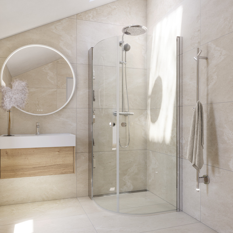 En halvrund duschhörna har fördelen att den inte tar lika mycket plats som en fyrkantig. Här är det mer armbågsutrymme i badrummet och när duschhörnan inte används kan dörrarna fällas in hela vägen och ge extra utrymme.
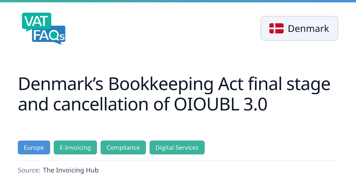 Denmark formally cancelled the OIOUBL 3.0 format on 14 January 2026.
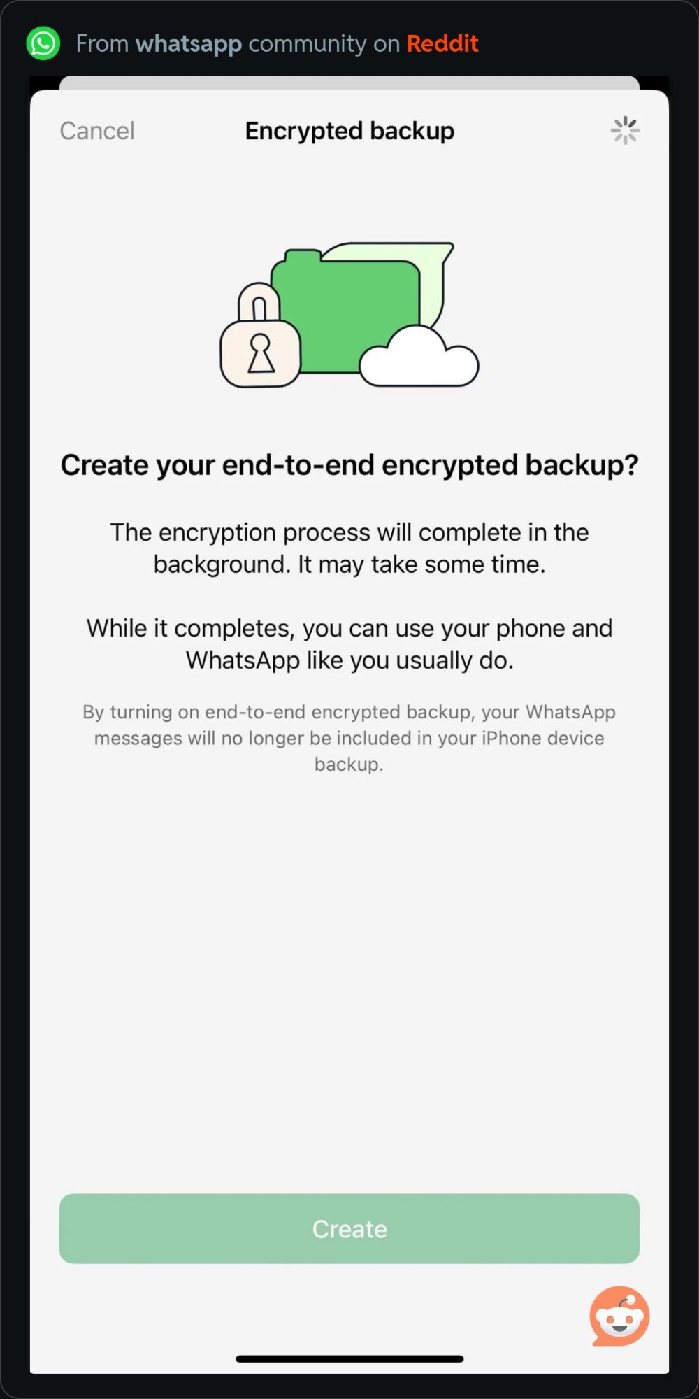 However, I am not able to reenable encryption. When I try and create a password, I am forever stuck on the screen shown in the screenshot. No way to dismiss it, and so I am unable to use whatsapp like the message suggests.
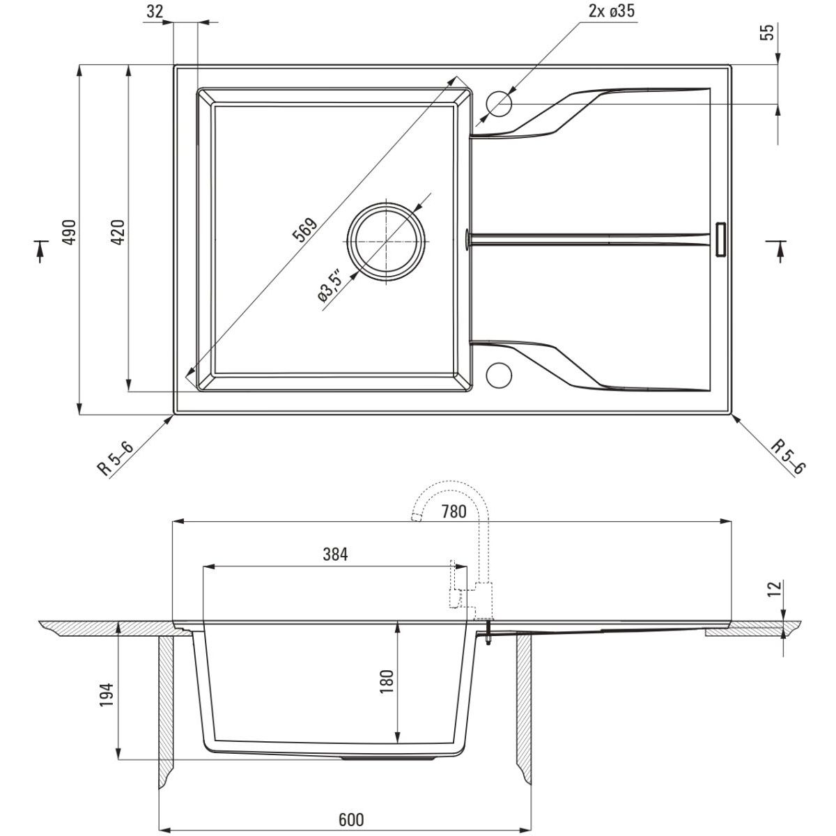 - fregadero reversible - instalación con cubeta a la izquierda o a la derecha
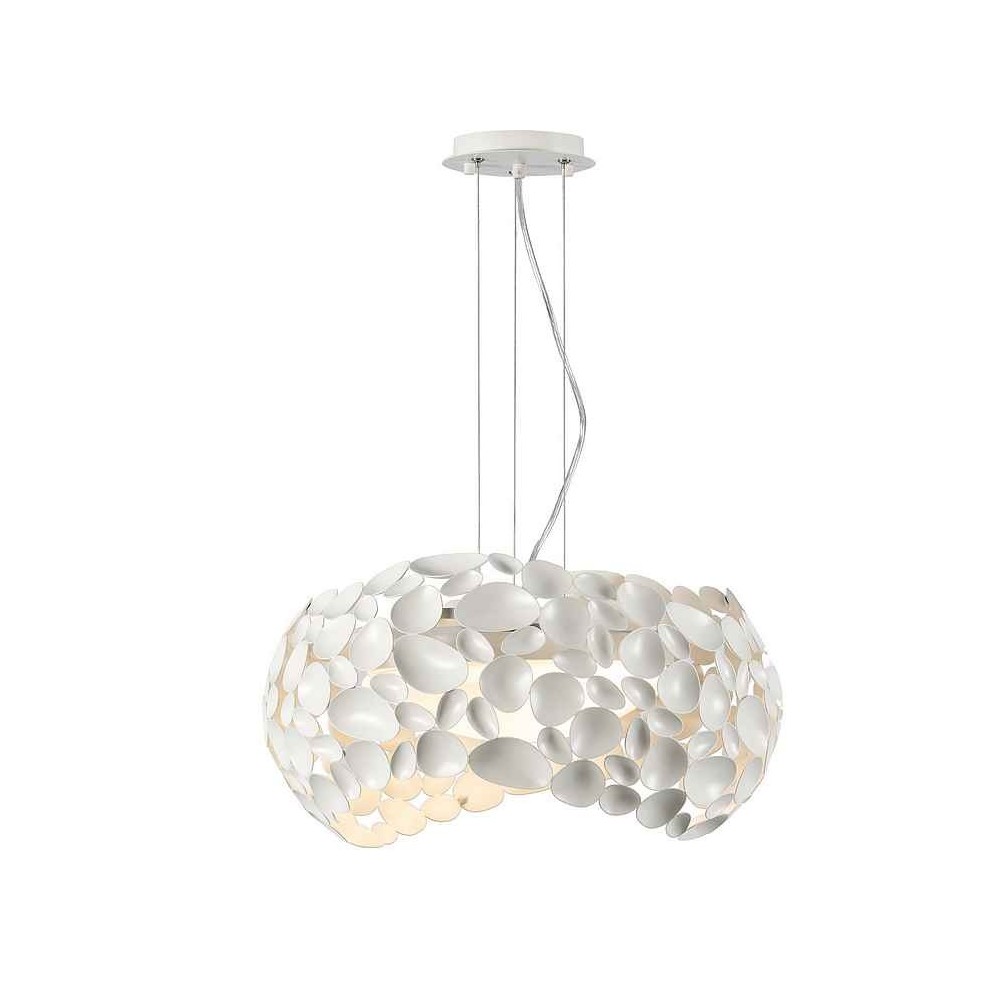 Lampada a 5 luci, modello Narisa di Schuller, realizzata in metallo con finitura bianca opaca, di 46 cm di diametro e 26 cm di altezza, dispone di diffusore acrilico interno, è regolabile nella sua installazione? n da 45 a 135 cm. Illuminazione per cinque lampade tipo G9 di 6 W incluse.
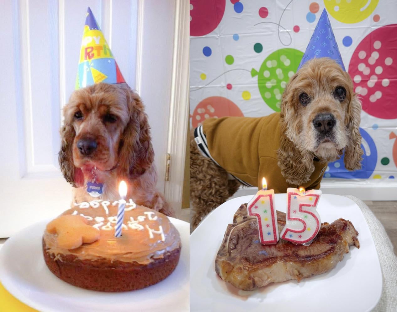 Fudge celebrated his quinceañero last weekend! 1st birthday vs 15th birthday 😭

== Exercise ==
Pictures do not belong in the copy. Output all of the records exactly.

== The completed task ==
 En halvrund duschhörna har fördelen att den inte tar lika mycket plats som en fyrkantig. Här är det mer armbågsutrymme i badrummet och när duschhörnan inte används kan dörrarna fällas in hela vägen och ge extra utrymme.
 Denmark formally cancelled the OIOUBL 3.0 format on 14 January 2026.
 However, I am not able to reenable encryption. When I try and create a password, I am forever stuck on the screen shown in the screenshot. No way to dismiss it, and so I am unable to use whatsapp like the message suggests.
 - fregadero reversible - instalación con cubeta a la izquierda o a la derecha
 Lampada a 5 luci, modello Narisa di Schuller, realizzata in metallo con finitura bianca opaca, di 46 cm di diametro e 26 cm di altezza, dispone di diffusore acrilico interno, è regolabile nella sua installazione? n da 45 a 135 cm. Illuminazione per cinque lampade tipo G9 di 6 W incluse.
 Fudge celebrated his quinceañero last weekend! 1st birthday vs 15th birthday 😭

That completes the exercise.